Lastly, in the marketing and specialities category, the company is looking to grow its sale of lubricants. The company is also looking to expand into Europe. Europe has a number of large wealthy economies and should provide significant profits if the company is able to get a firm foothold.
Future Plans
Now that we have talked about the overall market along with the company's financial highlights and its current strategy, it's now time to talk about its future plans.

(Phillips 66 2014 through 2016 Distribution and Reinvestment Plans - Phillips 66 Investor Presentation)
The company's 2014-2016 plan involves the majority of its funds going to reinvestment in its business, with a significant portion of its funds paying its distributions.
The above graph makes me happy to see it. The reason for that is because if something should happen where the company sees its earnings draw, it is still a far way from having to cut its distributions.
During such a time of oil turmoil, I want to own companies that will pay me for the risk that I am taking. By covering its distributions by such a significant margin, should things go south, Phillips 66 will continue paying me for my risk.
(click to enlarge)
(Phillips 66 Dividend Growth and Buybacks - Phillips 66 Investor Presentation)
This strategy can be reflected in the company's history of helping shareholders. Since being split off from ConocoPhillips (NYSE:COP), Phillips 66 has managed to almost triple its dividends, resulting in $7 billion of capital returned to shareholders.
More so, during this time, Phillips 66 has been buying back shares, managing to reduce its share count by an impressive 14%. It still has $1.4 billion remaining of authorized share repurchases, which should be enough for the company to decrease its share count by another 20 million or so.

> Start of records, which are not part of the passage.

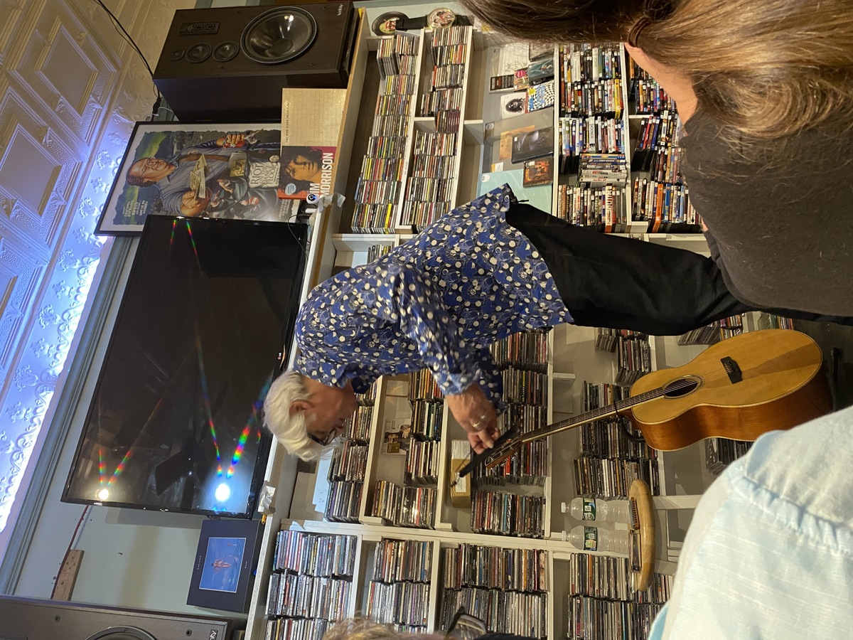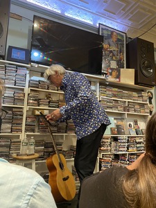 I arrived at Randy's to find that Robyn was running late and was still on his way down from NYC. After a while we were allowed in to take a seat in the small environs of the ‘Man Cave’ record store. Due to Robyn’s late schedule it had been decided that the PA system would be dispensed with for the show so when Robyn did appear all he had to do was take his coat off, take out the guitar and harmonicas and start to play.
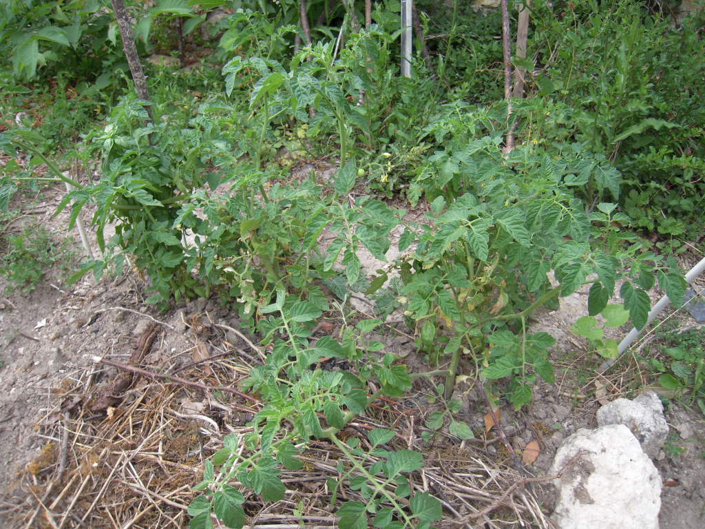 Bon, j'ai un truc bizarre encore jamais eu avant : deux plants de tomate, qui étaient certainement les deux plus vigoureux au départ, qui ont totalement dépéri.
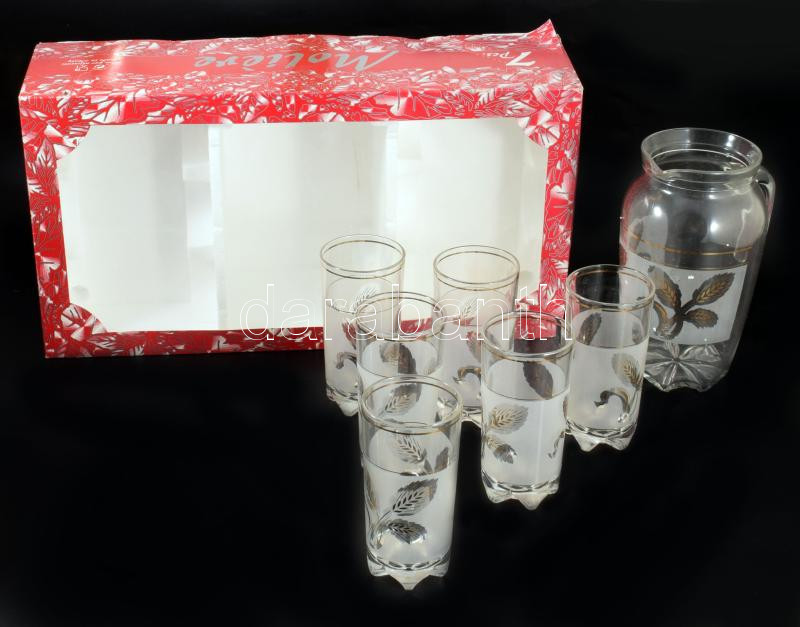 Olasz Moliére boros szett, kancsó és 6 pohár, dobozában,

(Phillips 66 Enterprise Value Growth - Phillips 66 Investor Presentation)
More so, despite paying back so much to shareholders, it is still expecting to see its enterprise value grow. In fact, from 2014 to 2018, the company is expecting to see its EBITDA increase by more than 30%, driven mainly by the growing midstream sector.
All of these things together make Phillips 66 a solid buy in the current environment.
Conclusion
Phillips 66, despite its focus on the midstream and the downstream sectors, has seen its stock price fall in the past few days. However, despite this, it is a solid company with solid growth prospects.

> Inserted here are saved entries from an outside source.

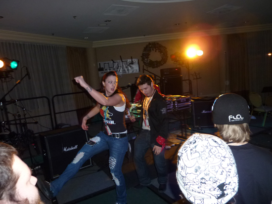 It wasn’t all bad, as I mentioned the two tracks above were strong, and my favorite track of theirs of the night, “Persona,” kicked some serious ass and sounded great. However, many tracks I was looking forward to the most, including “Moon Stage” from Ducktales (which is one of the greatest songs ever), “Tyrano Lair” from Chrono Trigger, and the Katamari Damacy theme all suffered. Ducktales wasn’t terrible, but there were some missed notes. I admit it is a complex song, but it was a shame that they weren’t sounding their best. “Tyrano Lair,” on to other hand, was almost unlistenable with all the feedback and blurring of sounds. When Katamari Damacy came around, Mustin and Joe Cam (who earlier had prepared and served Swedish meatballs from a table at the back of the room, courtesy of The Smash Brothers) came to the stage to sing the main theme, injecting some great jokes about Dwelling of Duels and Snappleman, but at this point the guitarist set his guitar down entirely and tried multiple times to crowd surf. Needless to say, this didn’t work so well with a crowd of nerds in front of the stage, and he tried and failed numerous times. I suppose it was funny to watch him, but it was at the expense of the music.
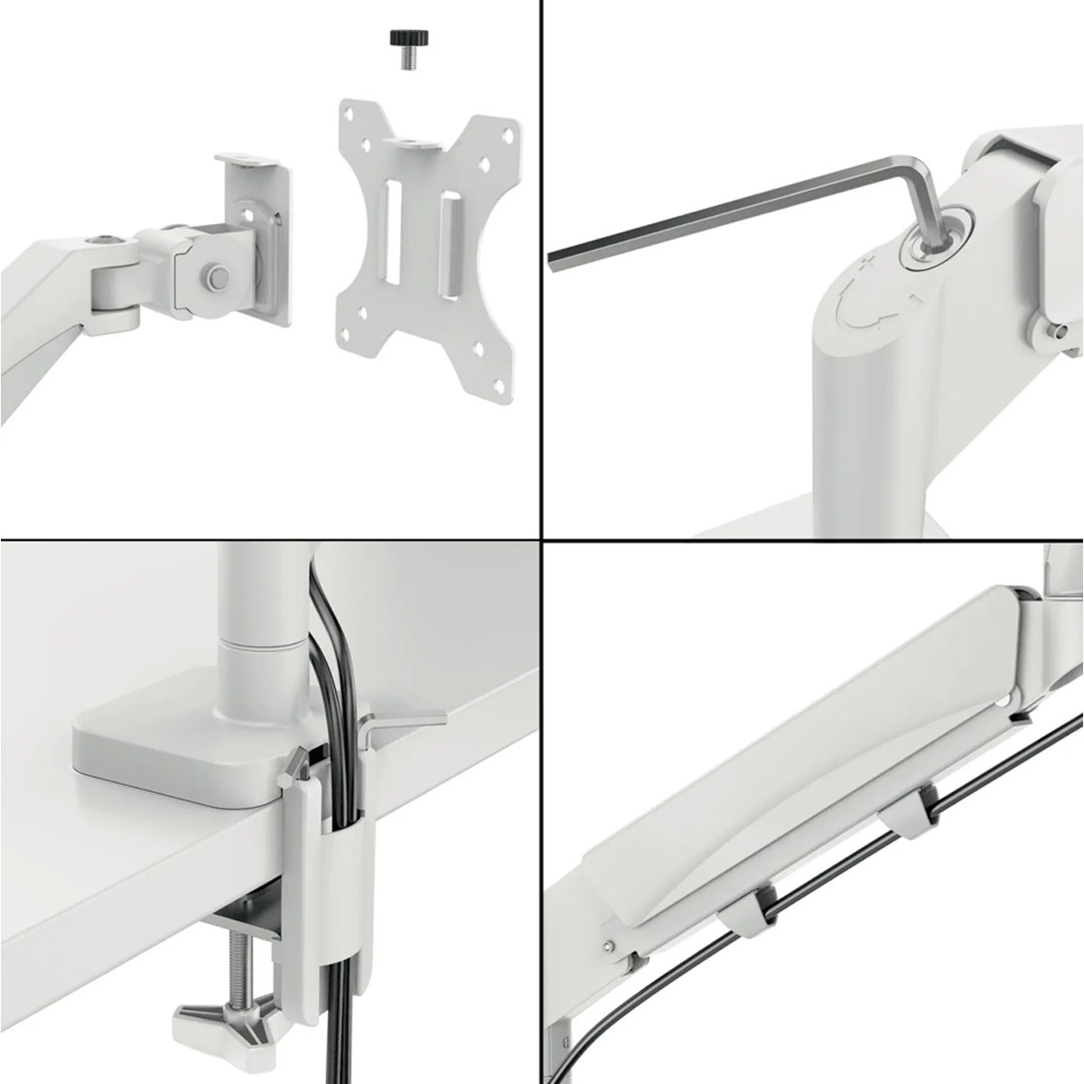 Usor de instalat, cu placa VESA detasabila cu eliberare rapida inclusa (75 si 100 mm) si clema in C din cauciuc siliconic, care reduce vibratiile si protejeaza suprafata biroului; sau montaj prin orificiul pentru manson (interval grosime birou: 10–80 mm). Instrumente pentru asamblare si reglaje incluse.
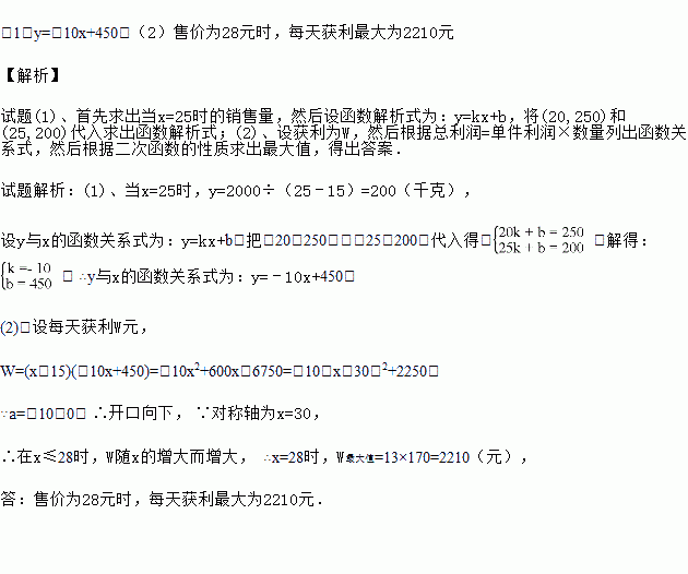 某超市销售樱桃,已知樱桃的进价为15元/千克,如果售价为20元/千克,那么每天可售出250千克,如果售价为25元/千克,那么每天可获利2000元,经调查发现:每天的销售量y(千克)与售价x(元/千克)之间存在一次函数关系.
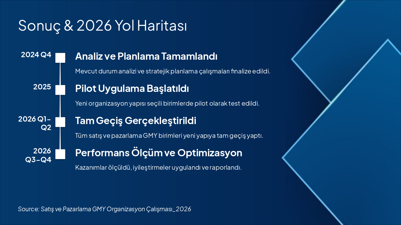 2024 Q4'te mevcut durum analizi ve stratejik planlama tamamlandı, 2025'te ise yeni organizasyon yapısı seçili birimlerde pilot olarak test edildi. 2026 Q1-Q2'de satış ve pazarlama GMY birimleri tam geçiş yaptı, Q3-Q4'de ise performans ölçümü, optimizasyon ve raporlama gerçekleştirildi.

The company is planning on heavily expanding in the midstream sector, potentially undertaking some expansions. It has a significant amount of potential ahead of it, and I expect it to continue growing in the long run.
More so, Phillips 66 has done an impressive job of rewarding shareholders. It has already managed to reduce its share count by 15%, and has the ability to increase it by several more percent with the current buyback plan. The company has also managed to triple its dividend since splitting off from ConocoPhillips three years ago.